**Task to carry out:** Exactly and only the lines below from the one containing "設(shè)置好子設(shè" down to the one containing "Бутылочка пома 140" are wanted, both included; please exclude every picture.

= Beginning of Section =

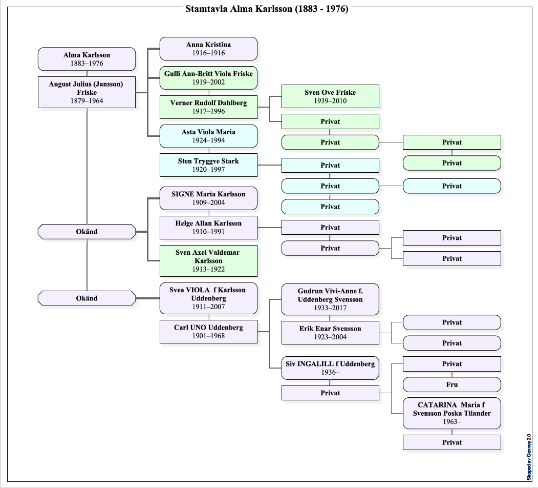 I efterhand kan jag konstatera att det är ett glapp på nästan åtta år mellan de tre första barnen och de tre sista. De tre första barnen är födda mellan 1875-1879 och de tre sista syskonen mellan 1887-1892. Under tidigare sekel var det inte ovanligt att familjer dels födde många barn och dels att något eller flera dog i tidig ålder. Hade jag inte begränsat mig av det jag visste, nämligen att min farmor var en av sex syskon kunde jag kanske räknat ut att något skett under de åtta åren mellan barnkullarna!
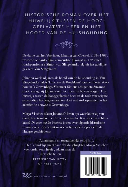 'De dame van het Voorhout' in deze historische roman van Marja Visscher is Johanna van Coesvelt (1684-1768). Ondanks haar ietwat simpele komaf trouwde zij in 1726 met raadspensionaris Simon van Slingelandt. Ze werkt op dat moment als huishoudster in zijn paleis aan het Korte Voorhout. Wanneer Simons vrouw Suzanna sterft, vraagt zij Johanna voor hem te zorgen. Het huwelijk tussen de hooggeplaatste heer en zijn huishoudster doet veel stof opwaaien in het 18e-eeuwse Den Haag. Marja Visscher tekent Johanna's leven op: waar kwam deze vrouw vandaan, hoe kwam ze hier terecht en wat heeft ze moeten achterlaten? 'De dame van het Voorhout' is een overtuigende historische roman, waarvoor Marja Visscher gedegen historisch onderzoek deed.
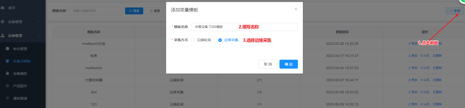 設(shè)置好子設(shè)備模仿真擬器后,配置一下云平臺(tái)。先創(chuàng)建一個(gè)采集點(diǎn)模塊
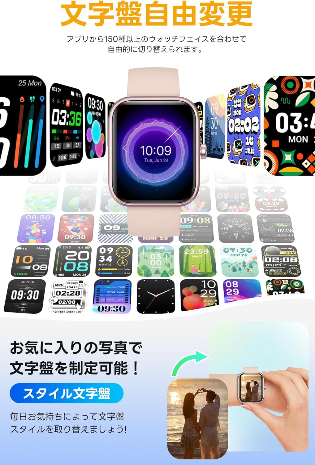 ✅【1.83インチ大画面&DIY文字盤】スマートウォッチは1.83インチの高精細ディスプレイを採用し、明るく見やすい画面で、通知や文字が一目で確認できます。スマートフォンのような滑らかなタッチ操作で使いやすさも抜群です。また、150種類以上のスタイリッシュな文字盤デザインに加え、スマートフォンからお気に入りの写真(ペット、家族、風景など)を取り込んでオリジナル文字盤を作ることができます。日替わりで気分に合わせて画面をカスタマイズし、毎日に彩りをプラス。
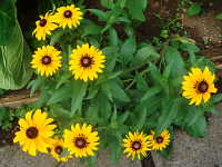 特徴:中心が茶褐色の黄色い大きな花。別名は
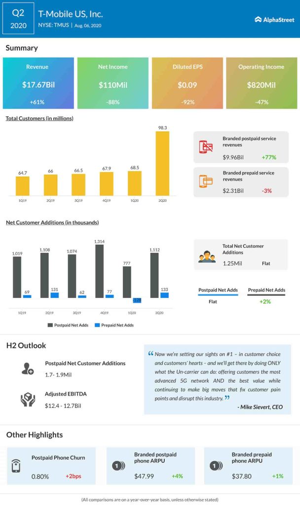 Earlier, TMobile’s stock rebounded quickly from the COVID-induced selloff and is currently trading close to the recent peak. The stock closed Thursday’s trading slightly higher and gained further during the extended session.
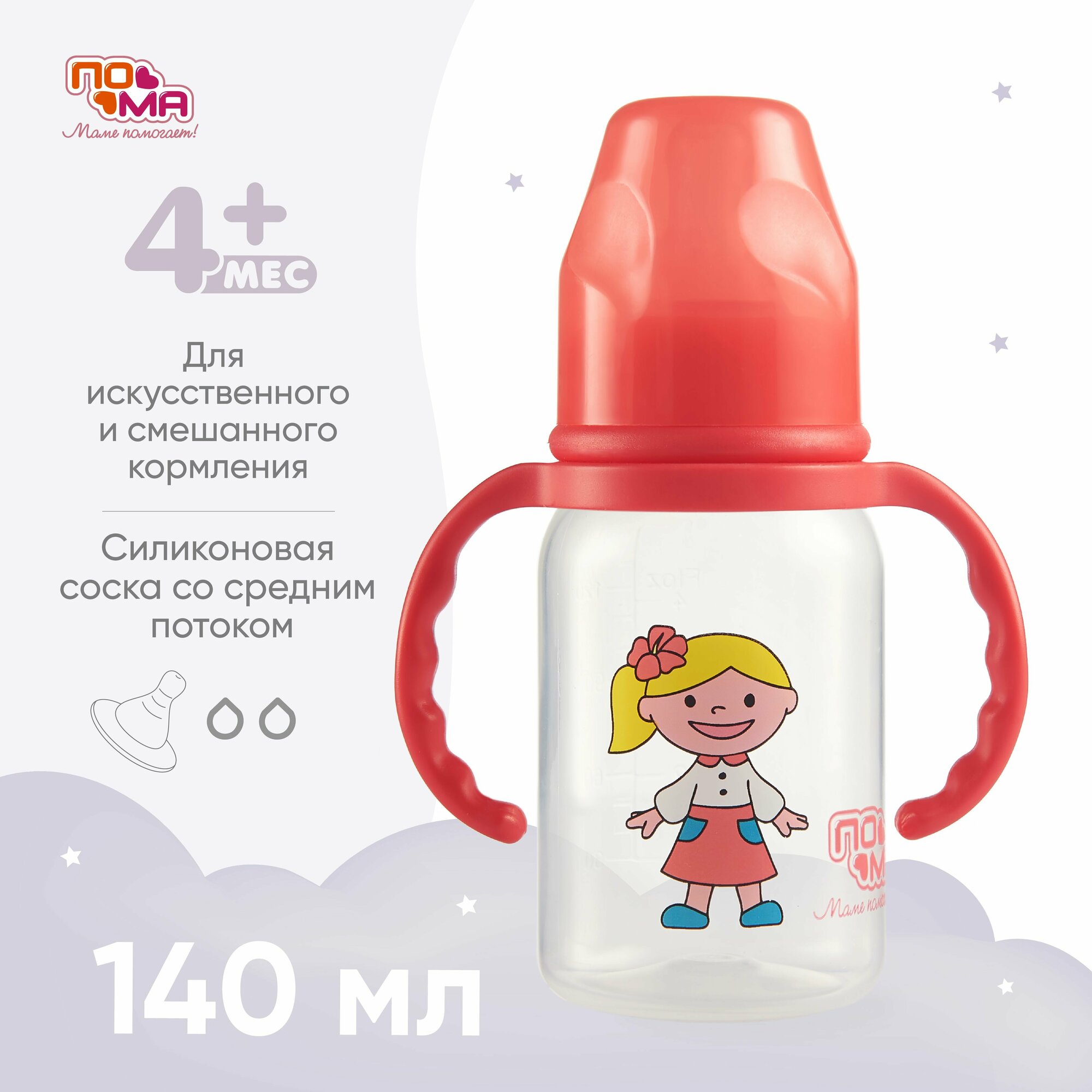 Бутылочка пома 140 мл с ручками с силиконовой соской со средним потоком, 4+, красная
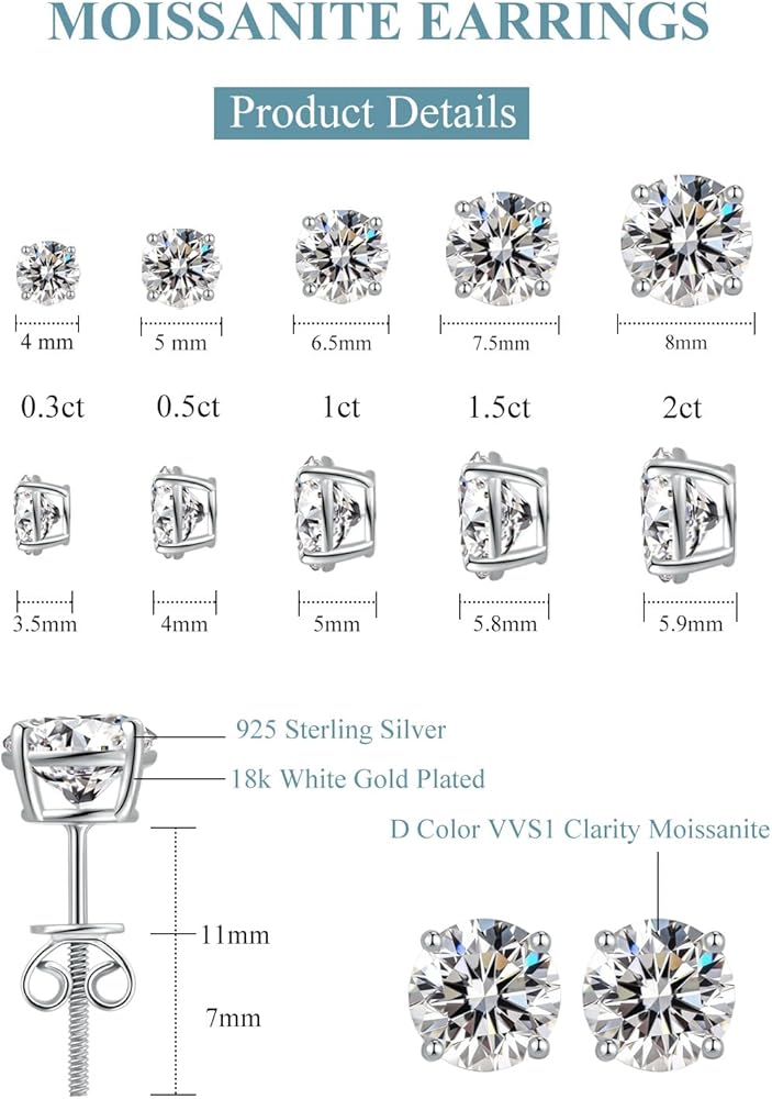 Find Your Perfect Size: The moissanite stud earrings offer five sizes to suit your style! Choose from 0.6 CT (0.3 ct each) / 4 MM, 1.0 CT (0.5 ct each) / 5 MM, 2.0 CT (1.0 ct each) / 6.5 MM, 3.0 CT (1.5 ct each) / 7.5 MM, and 4.0 CT (2.0 ct each) / 8 MM. Select the size that best matches your preference!
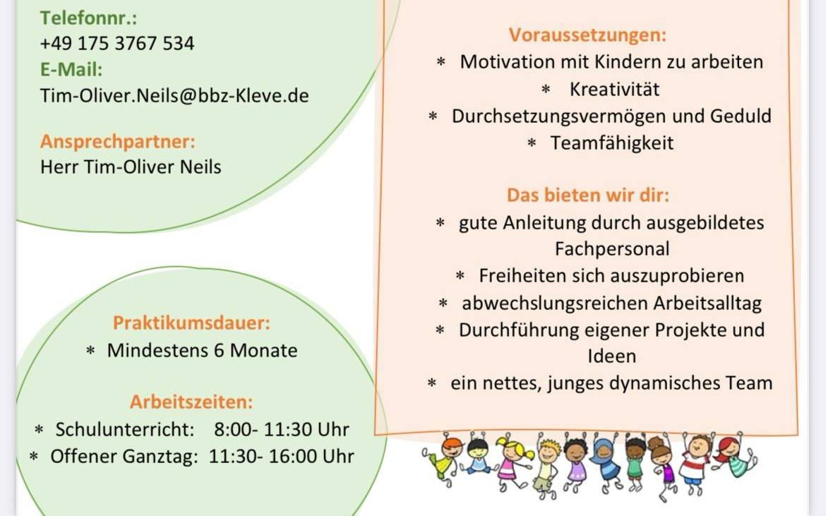 Der offene Ganztag der Gelderland-Schule sucht Bundesfreiwillige für Aufgaben wie Unterstützung beim Mittagessen und Begleitung der Hausaufgabenzeit. Freiwillige können auch im Unterricht hospitieren, abgestimmt mit der Schulleitung. Interessierte wenden sich an Herrn Tim Oliver Neils unter 02831-1341178 oder tim-oliver.neils@bbz-kleve.de.
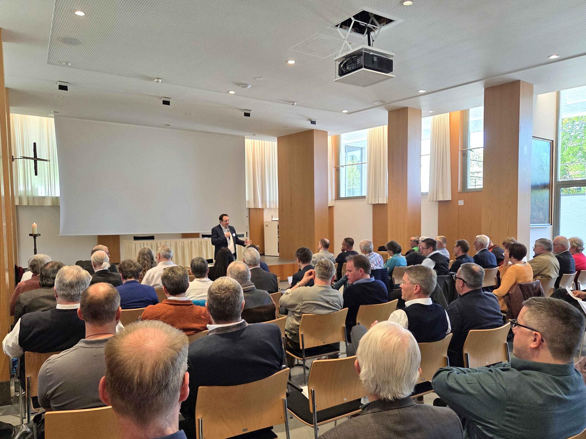 Nach dem Mittagessen war Zeit zur Begegnung, ein wichtiges Element des Diakonentags. Während sich die Ehefrauen zum Austausch trafen, stellte sich der neue Leiter der Personalabteilung, zu der auch die Diakone gehören, Pastoralreferent Danny Kasche vor. Im Gespräch wurden dann verschiedene dienstrechtliche Fragen und Belange angesprochen. Am Ende des Tages feierten die Teilnehmenden zusammen mit Domvikar Andreas Miesen, Bischöflicher Beauftragter für den Ständigen Diakonat, eine feierliche Ostervesper in der Hauskapelle.
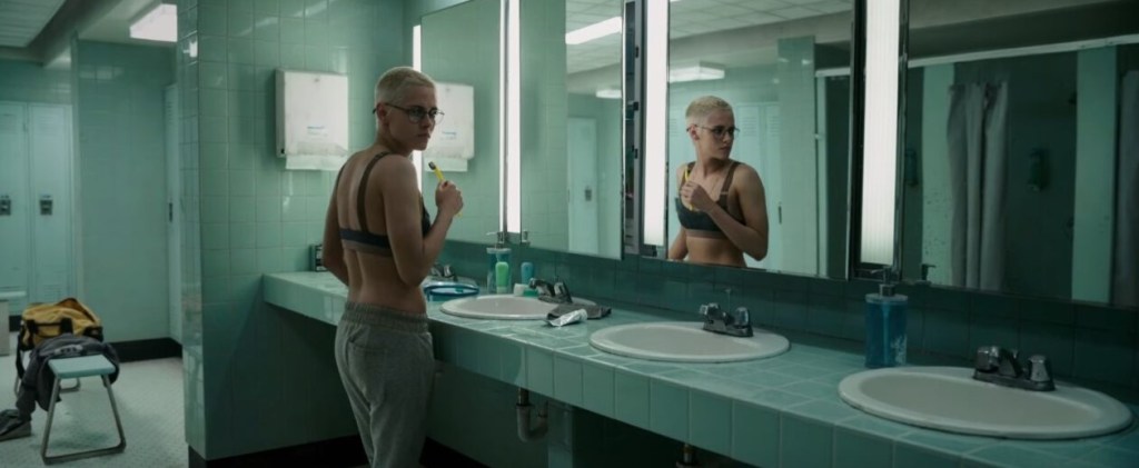 Within the film’s first couple of minutes, it is immediately obvious that Eubank wasn’t kidding when he claimed to owe a lot to survival video games. Kristen Stewart’s buzzcut-loving Norah gets all of maybe three-minutes to brush her teeth and voice-over to us about the virtues of cynicism before she is thrust in what would play like an absolutely killer opening cut-scene in a video game.

= End of Section =

**Response below:**
 設(shè)置好子設(shè)備模仿真擬器后,配置一下云平臺(tái)。先創(chuàng)建一個(gè)采集點(diǎn)模塊
 ✅【1.83インチ大画面&DIY文字盤】スマートウォッチは1.83インチの高精細ディスプレイを採用し、明るく見やすい画面で、通知や文字が一目で確認できます。スマートフォンのような滑らかなタッチ操作で使いやすさも抜群です。また、150種類以上のスタイリッシュな文字盤デザインに加え、スマートフォンからお気に入りの写真(ペット、家族、風景など)を取り込んでオリジナル文字盤を作ることができます。日替わりで気分に合わせて画面をカスタマイズし、毎日に彩りをプラス。
 特徴:中心が茶褐色の黄色い大きな花。別名は
 Earlier, TMobile’s stock rebounded quickly from the COVID-induced selloff and is currently trading close to the recent peak. The stock closed Thursday’s trading slightly higher and gained further during the extended session.
 Бутылочка пома 140 мл с ручками с силиконовой соской со средним потоком, 4+, красная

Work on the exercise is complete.